Sa découverte, il l’a faite quand, Péan ? La veille de faire rouler les rotatives ? C’est quoi au juste la ligne de démarcation entre la déontologie journalistique, le respect de la confidentialité des sources, et la non-dénonciation de faits délictueux ?

Clearstream, jusqu’en mai 2012

J’en viens à me demander si les affaires Clearstream ne vont pas revenir sur le devant de la scène au-delà de mai 2012, jusqu’aux élections législatives.
Le livre de Péan sortira le 14, jour prévu pour le rendu du délibéré.
Je peux comprendre que Pierre Péan n’ait pas mis les magistrats au parfum auparavant (à moins qu’il l’ait fait, allez savoir) : on se retrouve si vite qualifié de corbeau de nos jours…
Ou traîné devant un tribunal, comme Denis Robert.

Le Monde remémore que Libération, Le Nouvel Observateur et Bakchich s’étaient intéressés à Djouhri et que Péan, de son propre aveu, a « fait chou blanc sur des points essentiels. ».
Mediapart, qui s’est de même intéressé à Djouhri, sans doute aussi.

 

La phrase exacte de Péan serait (rapportée par Le Monde) : « Il ne me semble pas absurde, conformément aux soupçons de Nicolas Sarkozy, d’envisager un possible rôle de Djouhri dans la machination. ».

 

On comparera avec la lecture d’Éric Conan, plus « vendeur » (ici, commercial, non délateur).

Ce ne serait pas Me Kiejman, époux de Broglie, qui aurait réglé le divorce de Nicolas et Cécilia Sarkozy, mais Djouhri. On comprendrait mieux pourquoi Kiejman a tant attendu ses honoraires. Germain Djouhri, fils d’Ahmed, lui, est époux Chemezov, et ami du gendre de Claude Guéant, Jean-Charles Charki. C’est insolite, cela m’évoque les rapports de Sébastien Proto (Woerthgate, dircab d’Éric Woerth, de nouveau actuel dircab’ à Bercy) et Antoine Arnault, beau-fils de Maistre, époux putatif Vodianova. Ah, ces histoires de famille !

Claude Guéant vient finalement de prendre les devants en fournissant des réponses évasives ou lénifiantes au Figaro. Il est question de Robert Bourgi, il est fait indirectement allusion au livre de Péan (sans le nommer, sans en citer le titre, voir aussi mes précédents articles), et hop, on passe à la délinquance « roumaine » (pour ne pas non plus citer les Rroms), aux prières dans la rue.
Sur les écoutes des journalistes, il conclut : « La justice dira le droit, moi je ne le ferai pas. ». Encore heureux…

Ah oui, au fait… DSK va parler, il parlera, c’est sûr.
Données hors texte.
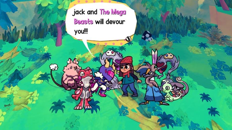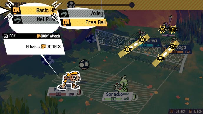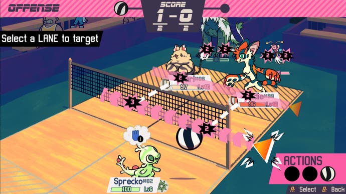 The best bit about Beastieball, though, is the matches themselves, which all take place on volleyball courts that seemingly spring up from the ground as soon as you bump into a wild Beastie. It's kinda daft, but I do also kinda love it. Each side of the net is split into a 2x2 grid, into which you can field two Beasties while the rest of your team hugs the backline, ready to be tagged in whenever they're needed. Teams take turns to attack and defend, the former phase giving you three actions to play out, but just one during the latter. And goodness me, you better make that defensive move count, because if your Beastie gets 'wiped' by the incoming attack, the other team score a point, and if you leave a column or row open and that's where the ball lands? The other team also score. And it's quite possibly the most thrilling tiny tactics game I've played in ages.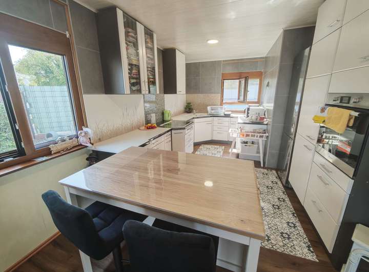 - moderne, helle Einbauküche angrenzend zum Wohnbereich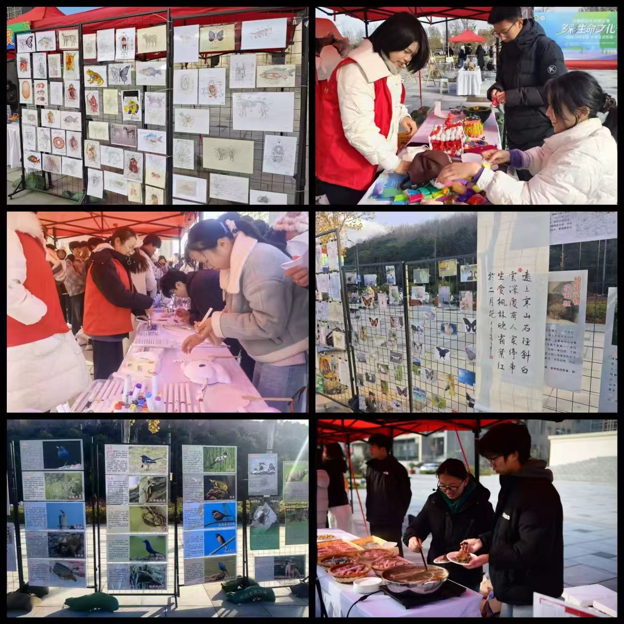 本届多彩生命文化节精心设置了“生命之源”“生命之美”“生命之趣”“生命之映”四大主题展区,各区域均围绕动物主题展开,亮点纷呈且内容丰富。走进“生命之源”展区,形态逼真的动物标本整齐陈列,每一件都栩栩如生,仿佛将动物的鲜活姿态定格于此。一旁的解剖示意图清晰明了,搭配创意生物结构泥塑,生动诠释出生命构造的精妙奥秘。而前沿科研成果展板则集中呈现了学院在动物科学领域的最新探索成果,详实的内容与直观的展示,让同学们得以沉浸式触摸学科前沿,近距离感受生命科学研究的独特魅力。步入“生命之美”展区,以动物为核心的艺术作品错落分布。树叶拼贴画将自然素材与动物形象巧妙结合,素描与彩绘作品则以细腻笔触勾勒出动物的灵动神韵,这些作品既展现了自然生命的本真美态,又融入了创作者的奇思妙想,让自然意趣与艺术创意在此处实现了巧妙交融,引得不少同学驻足欣赏、拍照留念。

Une question sur Djouhri à Sarcelles, Monsieur Dominique Strauss-Kahn, une autre sur Djouhri et l’histoire de la Mnef, une troisième sur Djouhri et… ? Ah, non, on ne mélangera pas les genres. Parlons plutôt de famille, d’Anne Sinclair. Djouhri, parrain de l’enfant de Nicolas Sarkozy et Carla Bruni ? Là, c’est plutôt mal parti. Parrain tout court.

Les gazettes disent aussi que de Villepin pourrait rejoindre la famille centriste, celle de Bayrou. Il n’est pas sûr que ce dernier se voit en filleul. Le joker Péan semble avoir brouillé les cartes du jeu des sept familles, politiques et autres.

P.-S. – ce n’est pas de leur faute si les truchements et intermédiaires du genre Djouhri sont domiciliés en Suisse. Imaginez un contrôle fiscal et les questions « niaises » de petits fonctionnaires. Bien sûr, il y a une cellule fiscale de haute volée. Mais deux précautions valent mieux qu’une.